By Dirk Obbink | Go to book overview

Preface

Philodemus and poetry have been on the lips of the intelligentsia in the same breath since at least the year 55 B.C. when Cicero paired them in his speech Against Piso (68-72):

There is a certain Greek who virtually lives with him, a man whom, to tell the
truth, I have found to be a very gentlemanly fellow, at any rate as long as he is
in other company than Piso's, or is by himself.

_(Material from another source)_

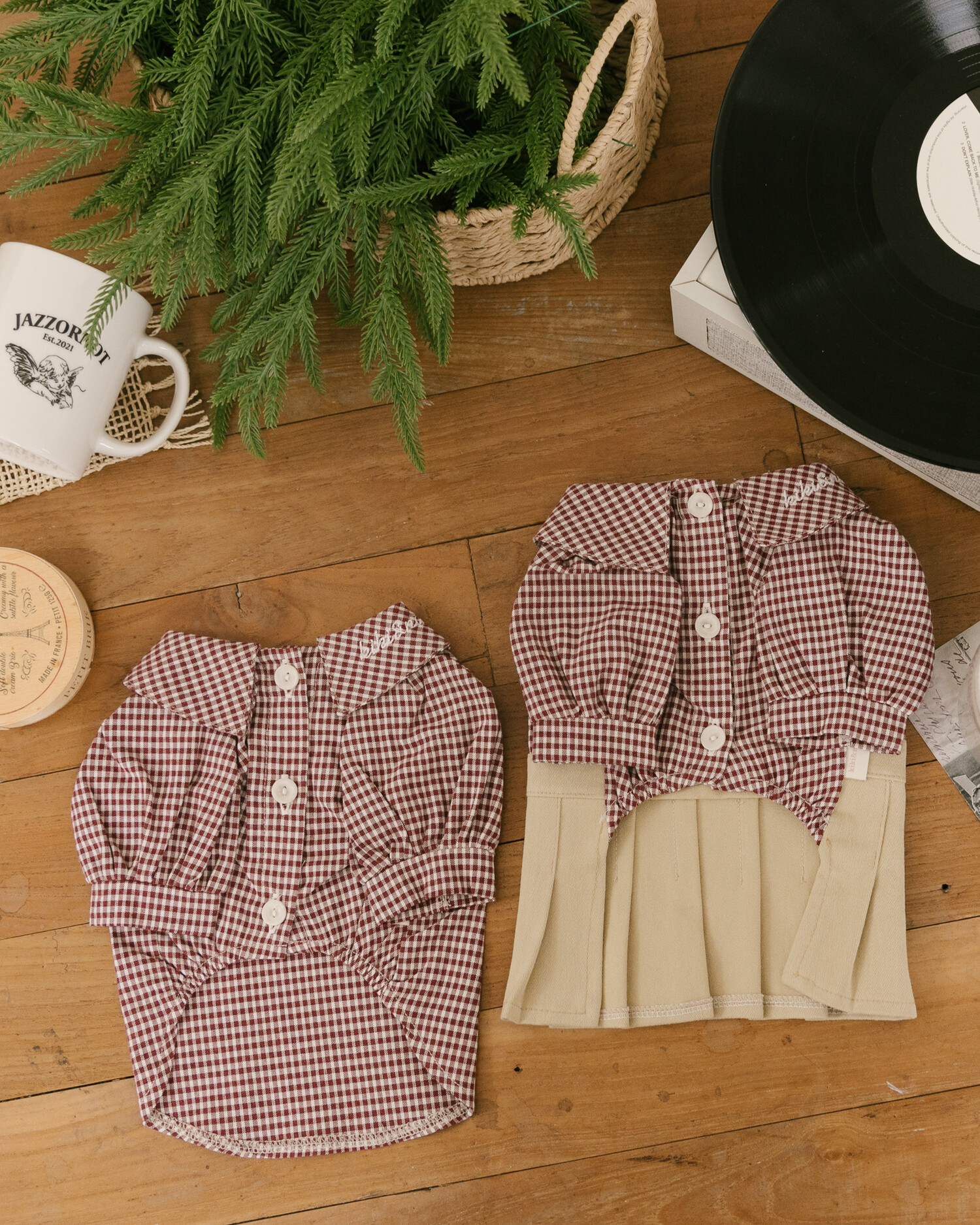 여기에 체크 셔츠와 플리츠 원피스를 매치하면 마치 스쿨룩을 떠올리게 하는 단정하면서도 사랑스러운 분위기가 완성되죠♥️

This man met our young friend
Piso who even then went about with eyebrows raised, and was not averse to his
friendship, especially as the other eagerly sought him; he so far gave himself up
to his company that he absolutely lived with him and scarcely ever left his side.
I am speaking not to an ignorant audience, but, as I think, in an assembly of
learned and accomplished gentlemen....Now the Greek of whom I speak was
refined (perpolitus) not only in philosophy but also in other accomplishments
which Epicureans are said commonly to neglect; he composes, furthermore,
poetry so witty, neat, and elegant, that nothing could be cleverer....In response
to request, invitation, pressure, he wrote reams of verse to Piso and about Piso,
sketching to the life in lines of perfect finish all his lusts and immoralities, all his
varied dinners and banquets, all his adulteries; and in these poems anyone who
wishes can see the fellow's life relected as in a mirror. I would read you a
copious selection from these (they have often been read and listened to before),
were it not that I am afraid that, even as it is, my present subject is out of keeping
with the tr aditions of this place, and at the same time I do not wish to cast any
slur upon the character of their author.

No one in antiquity ever doubted whom Cicero meant. "Philodemum significat," comments Asconius (ad In Pisonem 68, adding that Philodemus was also the leading Epicurean philosopher of the day): so well known was he as an expert in the field of poetics. Later in the speech (74), in defense of his own poetry against Piso's criticism of it, Cicero indicates that he would defer to this critic's judgement about poetry, bidding Piso: "Ask your friend the Greek poet; he will recognize my figure of speech, and will feel no surprise at your lack of discernment."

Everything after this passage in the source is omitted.